Cold weather can’t chill Halloween spirit for Iowa kids
Editor's note: This story originally published in October 2016.
The magic of Halloween is that for one night — or one Beggars' Night, if we’re talking about central Iowans — you can be anything you want to be.
When young boys and girls head out to trick-or-treat, they can dress up as superheroes, princesses or ghoulish monsters. (Although, maybe dressing as a clown isn’t such a good idea this year.) But for Iowa kids, there is often one small limit to their imaginations: The costume must also be warm.
Beggars' Night essentials:
The average temperature on Oct. 31 in Des Moines, according to National Weather Service data, is a crisp 47.3 degrees. That’s hat-and-glove weather by some mom standards. Although 47.3 is the average, most Iowans can remember a Halloween or two that felt more like winter than fall. The lowest average temperature even dipped down below freezing as recently as 2002 and 1993 — both in this writer’s lifetime. Even trace snowfalls have been reported on Halloweens past.
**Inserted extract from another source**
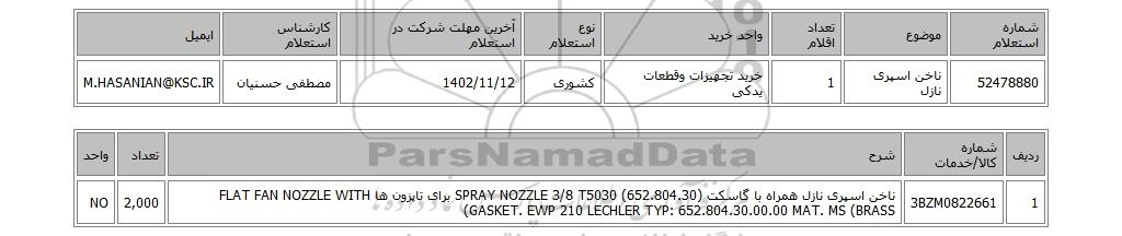 | 52478880 | ناخن اسپری نازل | 1 | خرید تجهیزات وقطعات یدکی | کشوری | 1402/11/12 | مصطفی حسنیان | M.HASANIAN@KSC.IR |

— Data courtesy of the National Weather Service forecast office in Des Moines
So when planning Halloween costumes as a child, the potential for cold weather was always a factor to consider. What’s the point of being a ballerina if your tutu is just going to be covered by your winter coat? Luckily, with a little creativity and lots of layers, staying warm and maintaining the integrity of your costume don’t have to be mutually exclusive. It’s just a little extra challenge for young Iowans.
The year I wanted to be a duck, my mom dressed me head-to-toe in yellow sweatpants and completed the look with a yellow stocking cap. Mummy? That was an easy year too. Nobody had to know I was wearing a fleece coat under all of those rolls of toilet paper. Perhaps my most ingenious cold-weather solution was the Halloween I was Harry Potter. The giant velvet cloak picked up at a local thrift store was perfect for covering the multiple layers of long johns underneath.
Good news for Iowans: The current forecast for most local Beggars Night events this year is predicted to be a little warmer than average. So it looks like the record low of 18, set in 1949, is safe for at least another year. And if another high temperature of 86 — like Iowans saw in 1931 — ever rolls around again, I’ll reconsider the ballerina outfit.